# Moment Generating Function

• Nov 4th 2009, 04:29 PM
xuyuan
Moment Generating Function
Can someone explain to me how this problem works?

Given the moment generating function Mx(t)=e^(3t+8t^2), find the moment generating function of the random variable Z=1/4(X-3) and use it to determine the mean and the variance of Z.

I don't understand why its asking you to find another mgf if one is given to you already. Thanks!
• Nov 4th 2009, 04:33 PM
mr fantastic
Quote:

Originally Posted by xuyuan
Can someone explain to me how this problem works?
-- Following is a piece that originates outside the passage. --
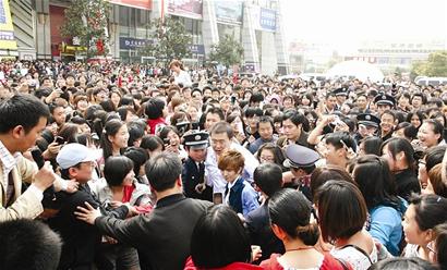 下午2時(shí),郭敬明出現(xiàn)在廣場(chǎng)簽售臺(tái),此時(shí)廣場(chǎng)上已經(jīng)聚集數(shù)千人,人潮開始向前涌。簽了20本書之后,臺(tái)下已近失控,“第一排的讀者已被后面的人擠得貼在臺(tái)子邊沿,人潮搖晃,隨時(shí)都可能發(fā)生踩踏,我感到臺(tái)子都可能擠垮。”長(zhǎng)江文藝出版社隨行人員趙萌,這樣描述他在臺(tái)上所見的情形。2時(shí)10分左右,警方趕到,因安全原因強(qiáng)制取消了整個(gè)簽售,郭敬明一行也被護(hù)送離場(chǎng)。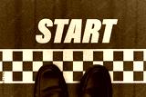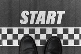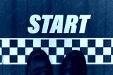 Businessman standing on asphalt concrete floor with Start line.successful concept.

Given the moment generating function Mx(t)=e^(3t+8t^2), find the moment generating function of the random variable Z=1/4(X-3) and use it to determine the mean and the variance of Z.

I don't understand why its asking you to find another mgf if one is given to you already. Thanks!
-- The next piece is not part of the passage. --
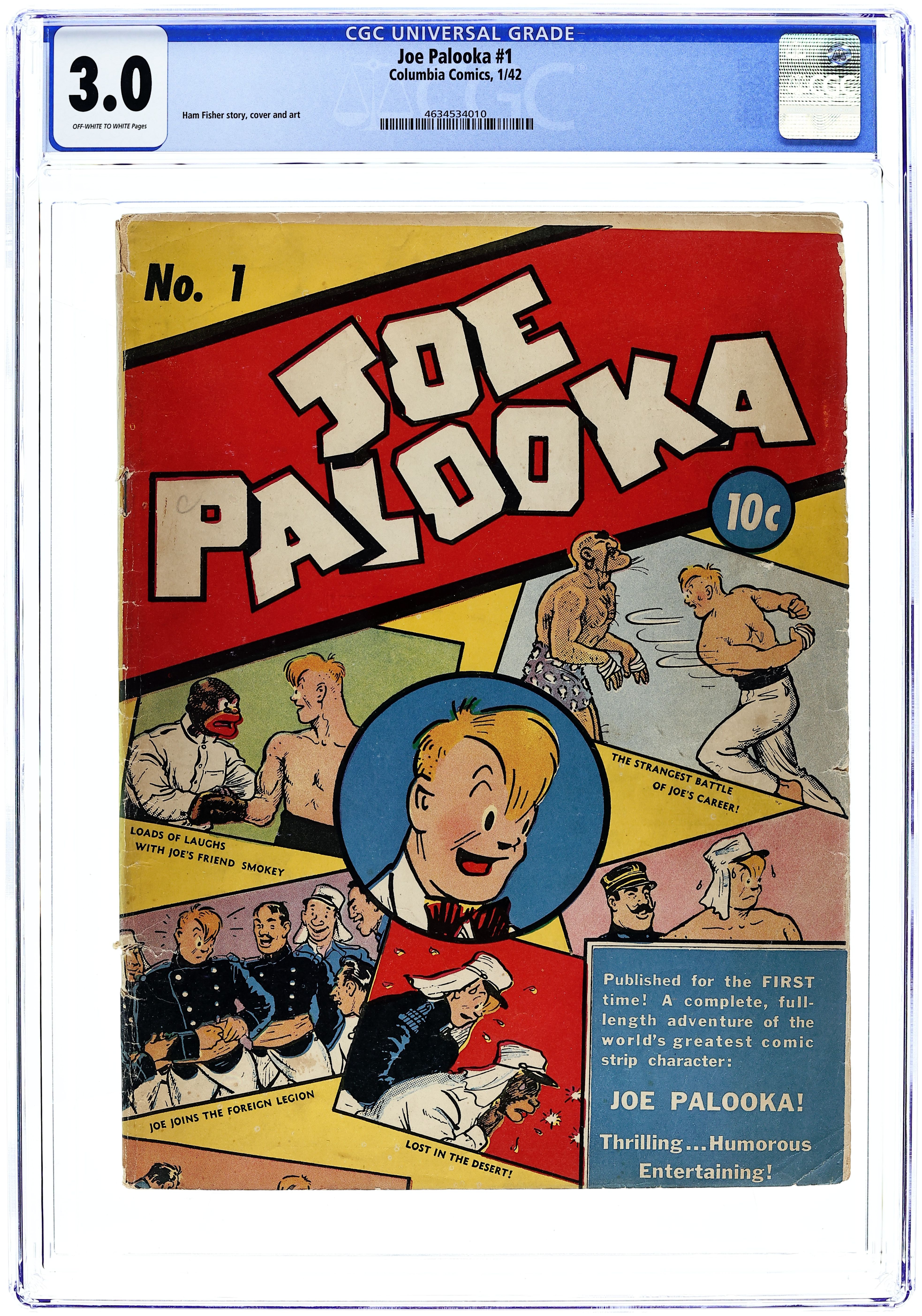 Cover by Ham Fisher. Stories and art by Ham Fisher. Columbia Comics presents the first comic-book reprints of the classic Joe Palooka comic strip, about the adventures of a good-hearted boxer. Framed by a femme fatale and stripped of his championship, Joe goes off to the desert and joins the French Foreign Legion. Lost in Arabia, Joe and Smokey are captured by a sheik, and Joe must box the champion of his hidden city. Also featuring a profile of Palooka creator Ham Fisher; a letter from Fisher about getting permission for the US president to appear in the strip; and interesting facts about Joe Palooka. 64 pages, Full Color.

See 6.7 here: http://www.am.qub.ac.uk/users/g.gribakin/sor/Chap6.pdf
• Nov 4th 2009, 10:32 PM
matheagle
Mx(t)=e^(3t+8t^2) is the MGF of X

you are asked to get the MGF of Z=X/4-3/4 if I understand your ().
• Nov 7th 2009, 07:09 PM
xuyuan
Quote:

Originally Posted by matheagle
Mx(t)=e^(3t+8t^2) is the MGF of X

you are asked to get the MGF of Z=X/4-3/4 if I understand your ().
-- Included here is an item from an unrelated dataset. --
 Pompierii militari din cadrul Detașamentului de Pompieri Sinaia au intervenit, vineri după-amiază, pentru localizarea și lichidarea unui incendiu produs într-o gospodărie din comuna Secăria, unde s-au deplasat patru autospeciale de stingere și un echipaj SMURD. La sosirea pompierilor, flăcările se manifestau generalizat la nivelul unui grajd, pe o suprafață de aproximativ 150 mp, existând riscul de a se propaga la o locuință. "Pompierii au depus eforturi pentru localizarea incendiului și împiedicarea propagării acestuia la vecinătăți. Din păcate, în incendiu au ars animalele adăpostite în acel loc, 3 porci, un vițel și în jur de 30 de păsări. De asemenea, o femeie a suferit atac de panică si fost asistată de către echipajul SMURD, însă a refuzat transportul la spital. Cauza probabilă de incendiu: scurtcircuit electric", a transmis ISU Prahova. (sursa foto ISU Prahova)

Hm, so I read through what was posted and my textbook, but I still don't quite understand. So I have the MGF of X, then to get the MGF of Z do I need to integrate Z from negative to positive infinity and somehow subsitute in X? This is really confusing me, any help is appreciated thanks!(Headbang)
• Nov 7th 2009, 07:24 PM
matheagle
Just substitute, or recognize the distribution of X and use that.

Z=X/4-3/4

So \$\displaystyle M_Z(t)=E(e^{Zt})=E(e^{(X/4-3/4)t})=e^{(-3/4)t}E(e^{Xt/4})\$

\$\displaystyle =e^{(-3/4)t}E(e^{X(t/4)})=e^{(-3/4)t}M_X(t/4)\$

Plug in t/4 for t in the mgf of X and examine what you have.
• Nov 7th 2009, 07:32 PM
mr fantastic
Quote:

Originally Posted by xuyuan
Hm, so I read through what was posted and my textbook, but I still don't quite understand. So I have the MGF of X, then to get the MGF of Z do I need to integrate Z from negative to positive infinity and somehow subsitute in X? This is really confusing me, any help is appreciated thanks!(Headbang)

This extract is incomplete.